All experiments were conducted three times unless otherwise stated. Data were expressed as mean ± standard deviation (SD). Statistical significance was determined via ANOVA with Tukey’s post hoc test, Student’s t-test for pairwise comparisons, and significance level set at p < 0.05. To mimic the tumor microenvironment, PLGA-DOX biohybrids were incubated in PBS buffers at pH 7.4 and pH 6.0. DOX release was quantified at intervals using absorbance at 480 nm. The release followed first-order kinetics and showed statistically significant acceleration under acidic conditions, validating pH-responsiveness (Figure 7).

4. Conclusions

The present study results demonstrate the design, fabrication, and evaluation of biohybrid micro-robots integrating Magnetospirillum magneticum with pH-responsive DOX-loaded PLGA nanoparticles for targeted drug delivery in cancer therapy. Across a comprehensive experimental framework involving in vitro cell lines and in vivo murine xenograft models, the proposed system displayed superior tumor selectivity, enhanced therapeutic efficacy, and improved biocompatibility compared to conventional delivery strategies.

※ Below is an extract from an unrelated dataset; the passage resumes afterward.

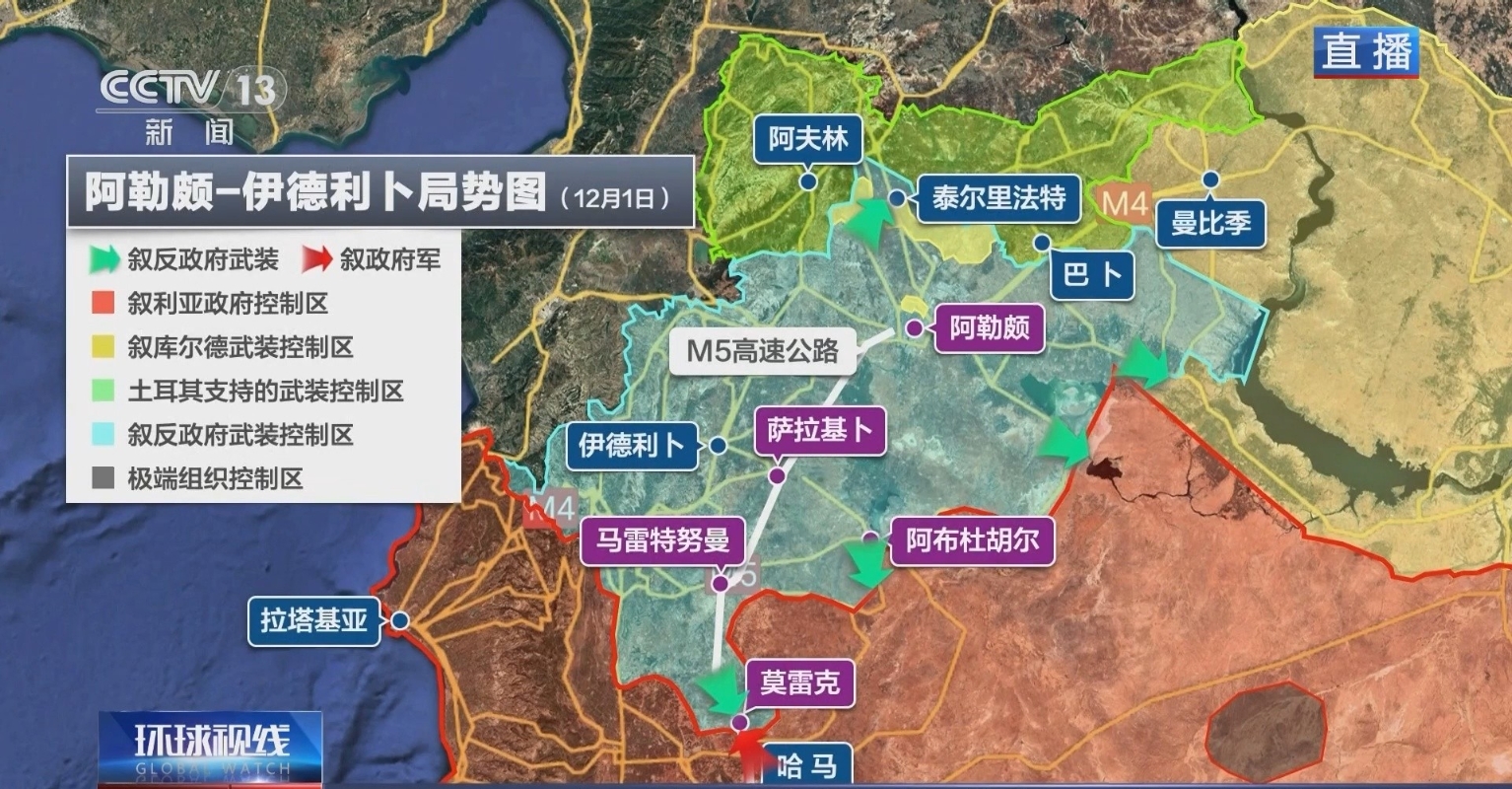 敘利亞西北部局勢圖。央視報道截圖 2011年敘利亞內戰爆發,敘局勢持續動蕩。在這一過程中,多支反政府武裝興起,既相互爭奪,又對敘政府發動攻擊,其中一些力量還得到外部勢力支持,包括美國等國家。“伊斯蘭國”等極端組織也乘虛而入,在敘利亞不斷擴大地盤。敘政府雖得到伊朗、黎巴嫩真主黨支持,但仍面臨巨大壓力,直到俄羅斯2015年9月應敘政府請求出兵介入,才逐漸將局勢穩定下來。 然而,今年11月27日,在以色列、黎巴嫩真主黨停火協議生效當天,位於以黎東部的敘利亞局勢突然緊張。自11月27日起,敘政府軍與反對派武裝及極端組織持續在敘西北部地區發生大規模交火。僅在4天內,反對派武裝便進入了該國第二大城市阿勒頗的大部分地區。這是自2016年政府軍奪回該市以來,反對派武裝首次攻入阿勒頗。分析普遍認為,這可能打破自2020年停火協議以來敘利亞衝突“基本凍結”的狀態。 有分析指出,此次敘利亞衝突再起與地區和國際局勢的變化有很大關係。 上海外國語大學中東研究所教授范鴻達向香港中通社表示,過去幾年,敘利亞的衝突不斷,除了該國內部各派別以外,還有外部勢力。比如俄羅斯和伊朗支持現有的敘利亞政府軍,也就是阿薩德政權。而反對派武裝中有土耳其支持的,也有美國支持的。這些反政府力量,並不是很強大,因為從2011年敘利亞內戰爆發以後,雖然美國和西方國家給了他們很多幫助,但反政府力量始終沒有形成氣候。 范鴻達指出,現在的情況就是在既有矛盾的基礎上進行了升級。其國際背景是以色列把哈馬斯的力量基本上消滅殆盡,黎巴嫩真主黨的力量也遭受嚴重損失。敘利亞反對派武裝和背後的支持者認為,阿薩德政權目前處於一個比較微妙、薄弱的時候,因為它最強大的兩個支持者:俄羅斯正處於烏克蘭戰爭中,無法脫身;而伊朗領導的所謂抵抗陣線,不管是哈馬斯還是真主黨,甚至胡塞武裝都遭受重創。所以在這種情況下,敘利亞反政府武裝認為,政府軍現在正是孤立無援的狀態,是發動進攻的最好時機。 美國《華爾街日報》認為,此次反對派武裝能在戰場上快速取得進展,是因為伊朗和黎巴嫩真主黨的實力在巴以和黎以衝突中被削弱,無法給予敘政府更多支持。有評論認為,以色列轟炸敘利亞和黎巴嫩之間的陸路通道,切斷了黎真主黨同敘政府和伊朗的聯繫。另有分析人士表示,俄烏衝突延宕近三年,俄羅斯深陷俄烏戰場,對敘政府的軍事支持有減少。 另外,敘利亞衝突再起,既受到巴以、黎以衝突等中東其他地區局勢的影響,也會反過來對其產生影響。以色列《耶路撒冷郵報》稱,在哈馬斯和黎巴嫩真主黨被嚴重削弱後,另一個“親伊朗勢力”敘利亞政府遭受重創,顯然是以色列所樂見的。(完) 【編輯:淩玉輝】

In vitro studies confirmed the following key findings: High binding affinity and efficient cellular internalization across multiple tumor cell lines (HeLa, MCF-7, and HCT-116), primarily due to chemotaxis-driven targeting and streptavidin-biotin-mediated anchoring. Enhanced cytotoxicity and apoptosis induction, demonstrated by MTT assays and TUNEL staining, respectively, with significantly reduced viability compared to free DOX or blank carriers. pH-sensitive drug release, tuned to the acidic tumor microenvironment, enabling a sharp contrast in drug kinetics between physiological and pathological pH ranges.

This study advances biomedical microrobotics, particularly in cancer treatment, by combining synthetic control through PLGA-based drug carriers with programmable release kinetics. Biological intelligence via magnetotactic bacteria capable of autonomous navigation and tumor homing. External magnetic actuation, enabling remote-controlled movement with directional accuracy and dose localization. The integration of these subsystems forms a multimodal delivery platform—capable of site-specific chemotherapy while maintaining adaptability to microenvironmental cues, a hallmark of next-generation therapeutics. Furthermore, the proposed biohybrid platform could be adapted beyond oncology, serving roles in treating localized infections, inflammation sites, vascular blockages, or even neurological disorders where targeted microtransport is essential.